Rose terkenal dengan keahliannya memberi servis menggunakan mulut, dia benar – benar sudah terlatih beberapa tahun terakhir.

“Kau akan memberiku bonus setelah ini.”

Benar yang Rose katakan. Setelah pekerjaannya selesai, dia mendapat bonus besar, berkali – kali lipat. Lidah basah Rose membuat kliennya puas, serta kelembutan yang Rose tawarkan. Tidak heran mengapa Rose dihadiahi uang dalam satu genggaman.

Ah! Rose senang sekali. Setelah ini dia akan pergi berbelanja beberapa barang sekaligus makan malam bersama sang kekasih, yang belakangan ini sangat sibuk. Tak apa, Rose memakluminya. Dia bukan wanita posessif yang setiap saat harus selalu mendengar kabar dari orang tersayang.

***

“Sean, kau yakin ingin menikahiku? Kau tahu, ‘kan pekerjaanku ini berbanding terbalik dengan kehidupanmu?” tanya Rose begitu mereka duduk saling berhadapan dengan makanan yang sudah tersaji di depan.

Pertanyaan yang keluar dari bibir Rose lagi – lagi membuat Sean berdecak tak suka. Harus berapa kali Sean katakan bahwa dia tidak peduli status di antara mereka. Sean kaya, itu sudah biasa. Sebagai CFO (Chief Financial Officer) seorang bendahara di salah satu perusahaan yang bergerak di bidang nuklir. Sama sekali tidak membuat Sean berpikir untuk menikahi wanita yang memiliki pekerjaan setara dengan dirinya, karena Sean sudah menetapkan pilihannya pada satu wanita.

Wanita yang sudah dipacarinya selama satu tahun penuh. Meskipun sang kekasih, Rose, wanita cantik dan manis yang saat ini sedang menatap Sean dalam, hanyalah seorang pekerja malam yang harus pontang – panting mencari makan demi menghidupi diri sendiri dan seorang anak yang begitu disayangi. Tapi apa pun itu, Sean tetap akan memperlakukan Rose dengan baik.

“Cinta tidak pernah memandang status. Aku bisa memuliakanmu sebagai wanita saja, itu sudah cukup, Rose. You’re mine. I love you just the way you are,” jawab Sean.

Sungguh pandai bibirnya mengucapkan rayuan. Hari ini dia mengeluarkan kalimat manis, padahal satu minggu yang lalu dia baru saja bercinta dengan seorang pria. Sean memang menyayangi Rose. Namun, bukan berarti dia harus membatasi diri dari apa yang selama ini menjadi kebiasaannya. Membicarakan Rose tidak seperti membicarakan Theo yang dia kenal selama kurang lebih sembilan minggu, kedua orang itu jelas berbeda, mereka punya tempat masing – masing di hati Sean.

“Tapi aku takut tidak diterima—“

“Tidak diterima siapa? Kita sama – sama sebatang kara, tidak ada yang akan melarangmu bersamaku. Kau mengerti, Sayang?” Sean mengelus wajah cantik Rose agar wanita yang saat ini sedang menatapnya berhenti memperlihatkan raut sedih. Rose sangat cantik, sayang jika harus bermuram durja begitu.
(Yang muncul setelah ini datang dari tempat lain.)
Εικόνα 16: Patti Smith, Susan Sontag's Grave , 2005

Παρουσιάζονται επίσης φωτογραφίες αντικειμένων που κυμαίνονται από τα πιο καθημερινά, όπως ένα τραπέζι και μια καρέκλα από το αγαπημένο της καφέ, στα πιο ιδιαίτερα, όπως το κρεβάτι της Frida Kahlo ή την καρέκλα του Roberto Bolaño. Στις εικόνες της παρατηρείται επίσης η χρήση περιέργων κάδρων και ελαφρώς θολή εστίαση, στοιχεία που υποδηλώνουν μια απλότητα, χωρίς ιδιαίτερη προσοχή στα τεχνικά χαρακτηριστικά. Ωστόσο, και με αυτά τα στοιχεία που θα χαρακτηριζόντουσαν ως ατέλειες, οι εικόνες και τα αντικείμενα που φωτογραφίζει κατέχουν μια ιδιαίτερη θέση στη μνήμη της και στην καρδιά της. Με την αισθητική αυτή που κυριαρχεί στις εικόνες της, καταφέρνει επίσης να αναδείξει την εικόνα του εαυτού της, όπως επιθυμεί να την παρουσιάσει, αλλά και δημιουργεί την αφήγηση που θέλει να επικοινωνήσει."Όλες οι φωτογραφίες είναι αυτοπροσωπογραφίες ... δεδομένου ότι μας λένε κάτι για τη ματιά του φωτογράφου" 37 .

“Ya, aku mengerti.” Rose tersenyum seperti yang biasa dia lakukan. Wanita tangguh seperti dirinya tidak akan berlama – lama larut dalam kesedihan. Ada banyak hal yang harus Rose lakukan, bukan hanya memikirkan bagaimana hubungan antara dirinya dan Sean.
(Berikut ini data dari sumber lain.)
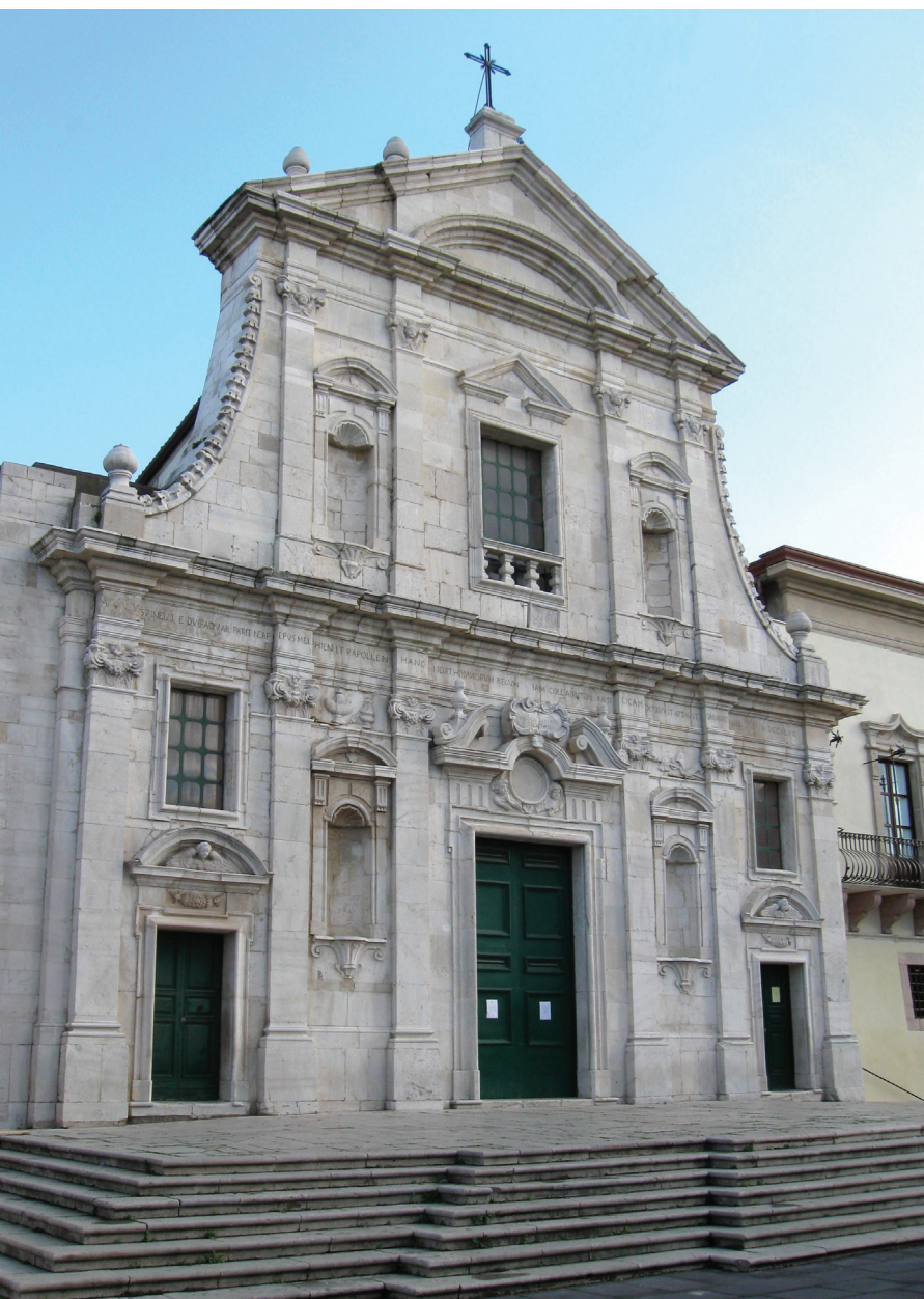
Cattedrale di Santa Maria Assunta, sec. XI, Melfi.

Rose memiliki Oracle. Setidaknya untuk saat ini dia punya kesibukan bersama anak kesayangannya, sebelum besok malam kembali pada aktivitas panas sebagai pekerjaan utama.

“Makan yang banyak, karena setelah ini kita akan jalan – jalan lagi.” Sean tersenyum hangat sembari menyuapkan sepotong stick ke dalam mulut.

“Wah, ke mana?”

Menjadi kekasih yang nyaris tidak pernah menikmati kebersamaan bersama Sean, membuat Rose antusias hingga beberapa tamu di sekitarnya menatap wanita itu aneh. Rose hanya bisa cengir di hadapan Sean menahan malu yang saat ini mencapai ubun – ubun.

“Maaf,” kata Rose sedikit salah tingkah diperhatikan seperti itu oleh orang – orang.

Selanjutnya dia dan Sean kembali memfokuskan diri pada hindangan di depan. Setelah selesai, mereka langsung meninggalkan restoran dengan melanjutkan perjalanan ke tempat yang Sean tanyakan pada Rose.

Dan Rose memilih CN Tower sebagai tempat wisata mereka. Sepertinya akan sangat menyenangkan melihat indahnya pemandangan Kota Toronto, Kanada, pada malam hari dengan lampu – lampu yang menyorot kilaunya dari ketinggian 436 m atau sekitar 1.430 kaki. Jarang sekali Rose mendapatkan kesempatan seperti ini. Dia tidak akan menyia – nyiakannya. Sean itu orang sibuk, susah diajak bertemu.

“Ayo kita harus cepat naik lift, nanti keburu antre.”

Begitu semangat Rose menarik tangan Sean memasuki kotak persegi yang hanya bisa menampung beberapa orang. Mereka tidak ketahui seseorang yang berada dalam satu tempat, sedang menghunuskan tatapan tajam, marah dan kecewa.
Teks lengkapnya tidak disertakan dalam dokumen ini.